# Excerpted data:
◇ ◇ ◇ ◇ ◇ ◇ ◇
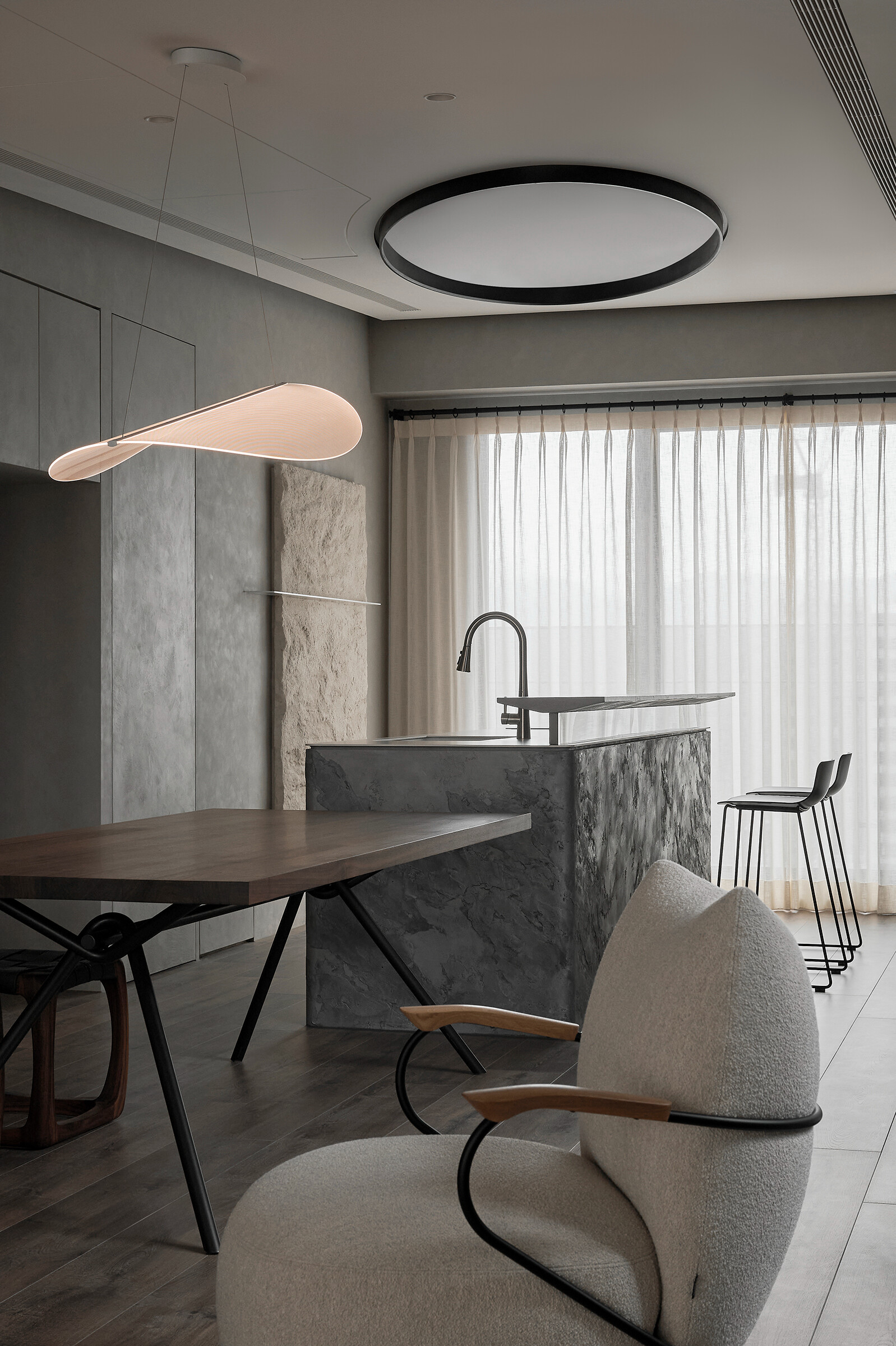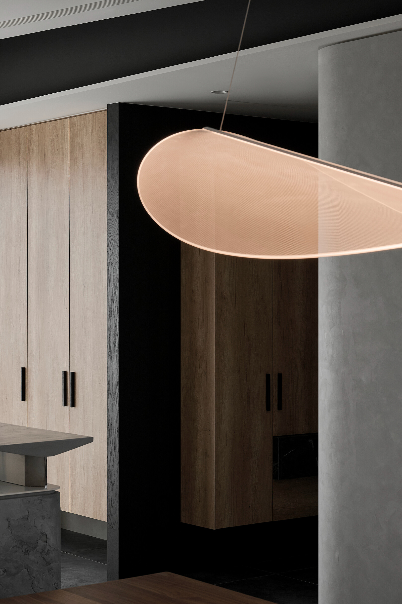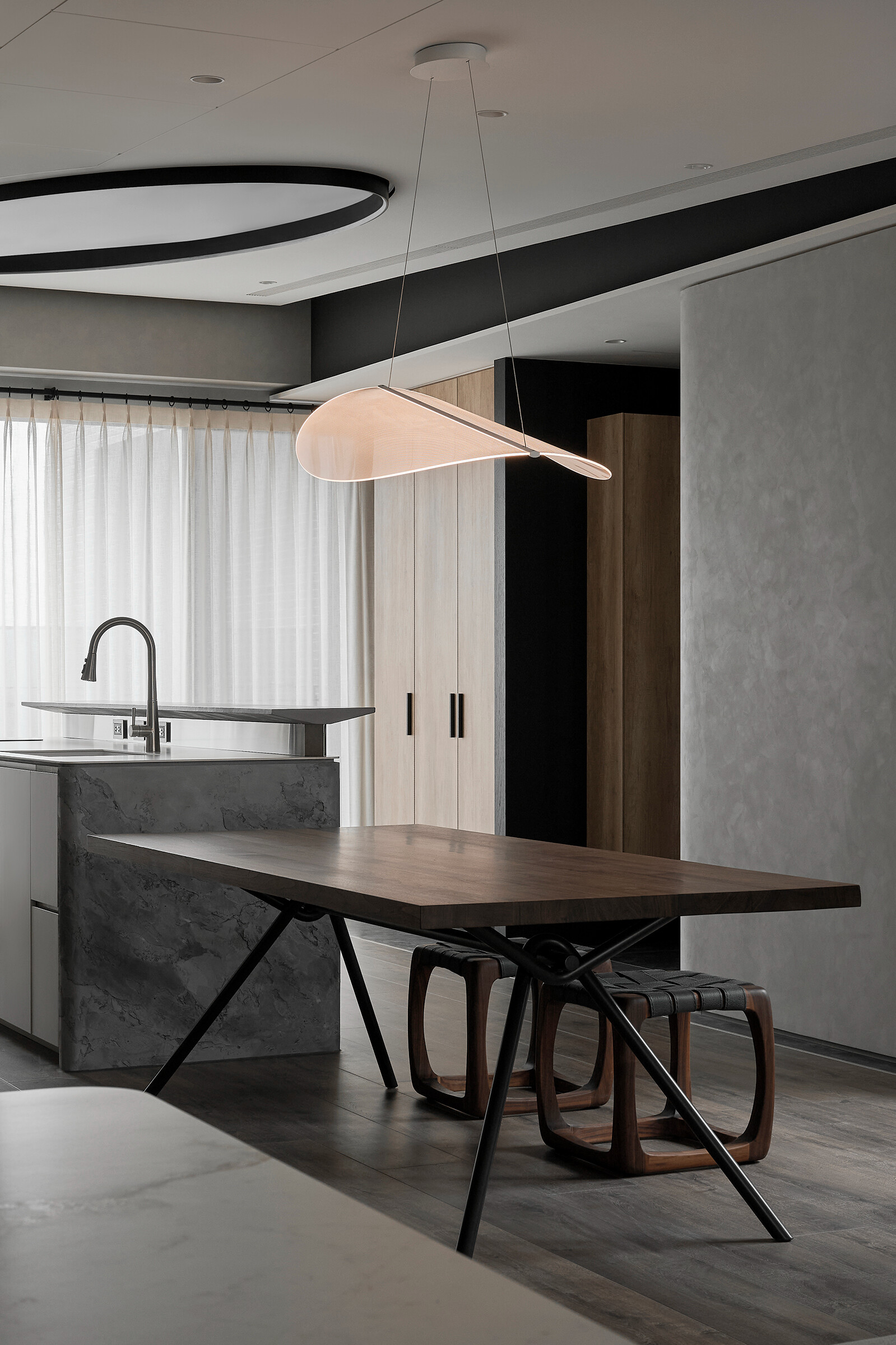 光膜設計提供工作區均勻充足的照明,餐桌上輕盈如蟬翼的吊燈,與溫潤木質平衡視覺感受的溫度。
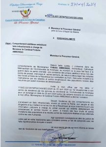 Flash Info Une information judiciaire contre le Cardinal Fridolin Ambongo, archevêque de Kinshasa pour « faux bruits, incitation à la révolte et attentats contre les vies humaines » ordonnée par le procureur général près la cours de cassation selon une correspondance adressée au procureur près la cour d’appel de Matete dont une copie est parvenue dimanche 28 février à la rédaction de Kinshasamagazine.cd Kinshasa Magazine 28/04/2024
◇ ◇ ◇ ◇ ◇ ◇ ◇
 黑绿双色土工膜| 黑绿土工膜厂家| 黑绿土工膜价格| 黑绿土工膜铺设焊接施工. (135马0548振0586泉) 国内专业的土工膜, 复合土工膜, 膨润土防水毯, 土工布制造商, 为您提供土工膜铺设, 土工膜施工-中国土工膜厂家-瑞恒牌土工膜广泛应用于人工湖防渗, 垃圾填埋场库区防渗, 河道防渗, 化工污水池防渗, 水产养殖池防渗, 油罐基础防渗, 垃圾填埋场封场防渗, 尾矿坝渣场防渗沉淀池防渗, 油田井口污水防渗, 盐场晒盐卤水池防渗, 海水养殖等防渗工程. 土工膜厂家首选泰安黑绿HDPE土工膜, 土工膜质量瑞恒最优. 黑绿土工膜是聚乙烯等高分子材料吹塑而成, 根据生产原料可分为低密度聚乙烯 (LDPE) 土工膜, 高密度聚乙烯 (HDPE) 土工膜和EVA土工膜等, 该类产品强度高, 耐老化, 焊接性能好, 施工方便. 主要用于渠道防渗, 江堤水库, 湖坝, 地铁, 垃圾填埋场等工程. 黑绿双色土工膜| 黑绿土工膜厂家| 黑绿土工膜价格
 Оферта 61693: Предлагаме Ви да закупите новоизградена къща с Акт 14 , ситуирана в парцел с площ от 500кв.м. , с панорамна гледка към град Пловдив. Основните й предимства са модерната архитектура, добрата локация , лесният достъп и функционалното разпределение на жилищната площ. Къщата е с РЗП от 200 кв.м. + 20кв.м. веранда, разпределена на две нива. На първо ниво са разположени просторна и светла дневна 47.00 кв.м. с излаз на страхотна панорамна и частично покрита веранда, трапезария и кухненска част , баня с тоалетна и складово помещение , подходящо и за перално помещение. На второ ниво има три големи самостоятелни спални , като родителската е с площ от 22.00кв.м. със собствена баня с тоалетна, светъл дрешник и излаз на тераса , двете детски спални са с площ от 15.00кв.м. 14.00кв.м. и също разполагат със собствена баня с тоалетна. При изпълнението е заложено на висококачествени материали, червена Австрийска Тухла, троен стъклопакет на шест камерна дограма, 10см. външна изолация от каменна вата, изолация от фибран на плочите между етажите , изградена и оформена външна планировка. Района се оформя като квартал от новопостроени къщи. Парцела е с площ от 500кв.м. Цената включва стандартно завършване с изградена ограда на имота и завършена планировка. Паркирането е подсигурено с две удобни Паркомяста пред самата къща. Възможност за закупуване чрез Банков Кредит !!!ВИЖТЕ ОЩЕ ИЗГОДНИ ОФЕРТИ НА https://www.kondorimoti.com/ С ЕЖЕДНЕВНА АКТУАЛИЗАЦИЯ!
◇ ◇ ◇ ◇ ◇ ◇ ◇
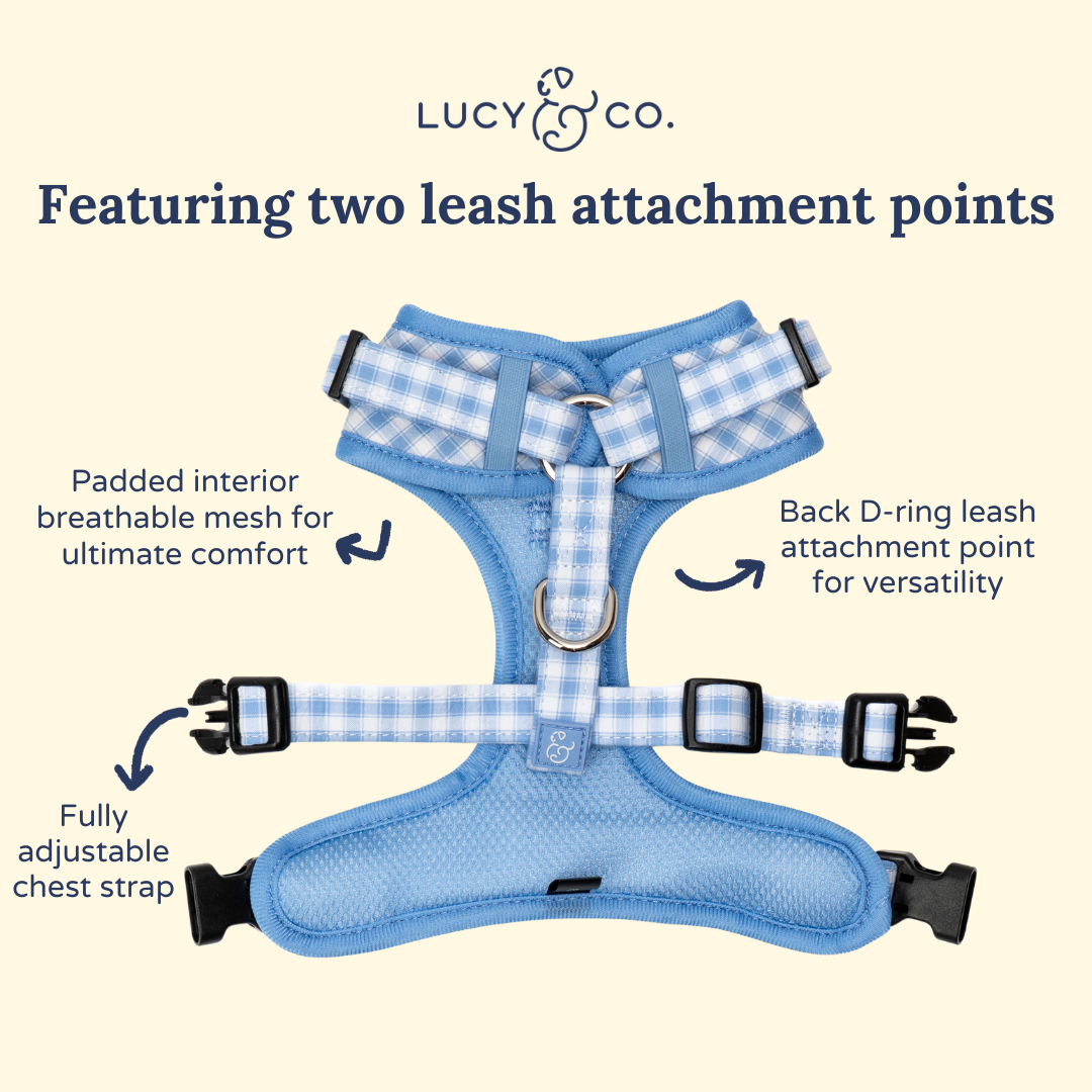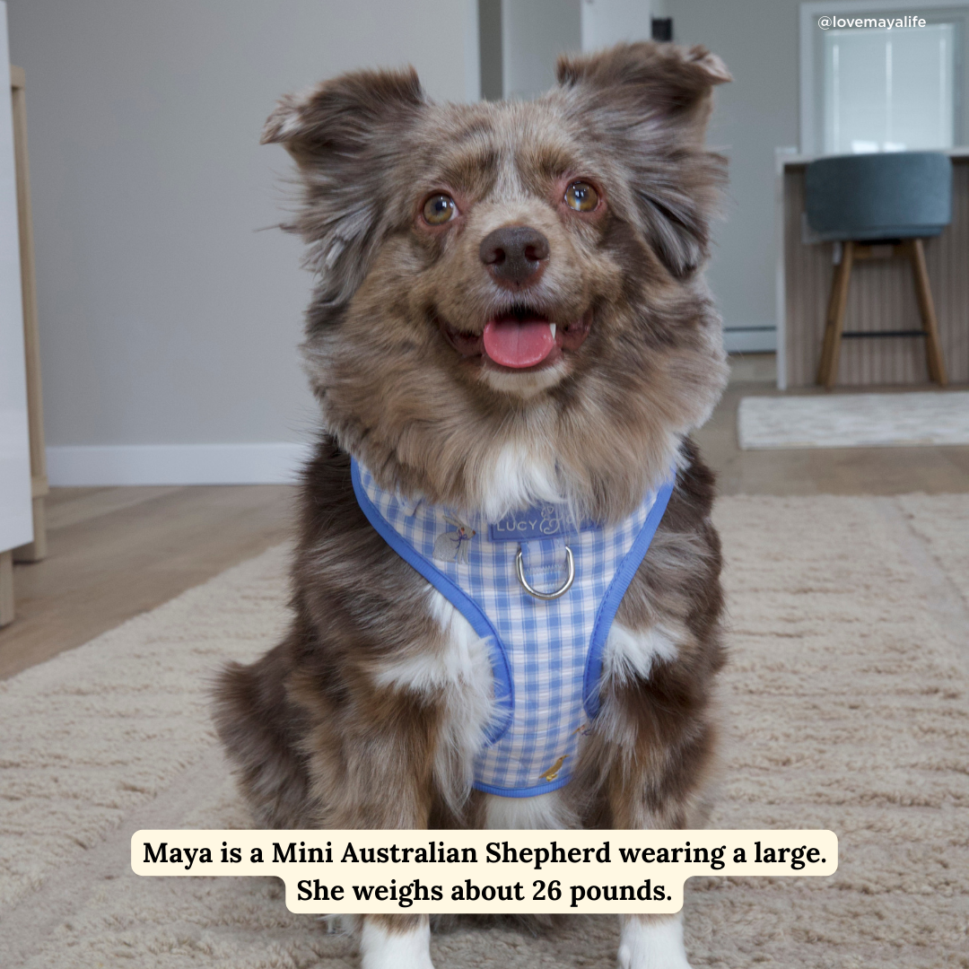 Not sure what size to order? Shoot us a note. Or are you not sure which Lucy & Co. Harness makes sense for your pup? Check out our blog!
◇ ◇ ◇ ◇ ◇ ◇ ◇
# Task details:
From the listing above, please give again the lines that begin with the line holding "光膜設計提供工作區均勻充足的" and go on through the line holding "Flash Info Une", exactly, both ends included, minus any picture.

# Answer space:
 光膜設計提供工作區均勻充足的照明,餐桌上輕盈如蟬翼的吊燈,與溫潤木質平衡視覺感受的溫度。
 Flash Info Une information judiciaire contre le Cardinal Fridolin Ambongo, archevêque de Kinshasa pour « faux bruits, incitation à la révolte et attentats contre les vies humaines » ordonnée par le procureur général près la cours de cassation selon une correspondance adressée au procureur près la cour d’appel de Matete dont une copie est parvenue dimanche 28 février à la rédaction de Kinshasamagazine.cd Kinshasa Magazine 28/04/2024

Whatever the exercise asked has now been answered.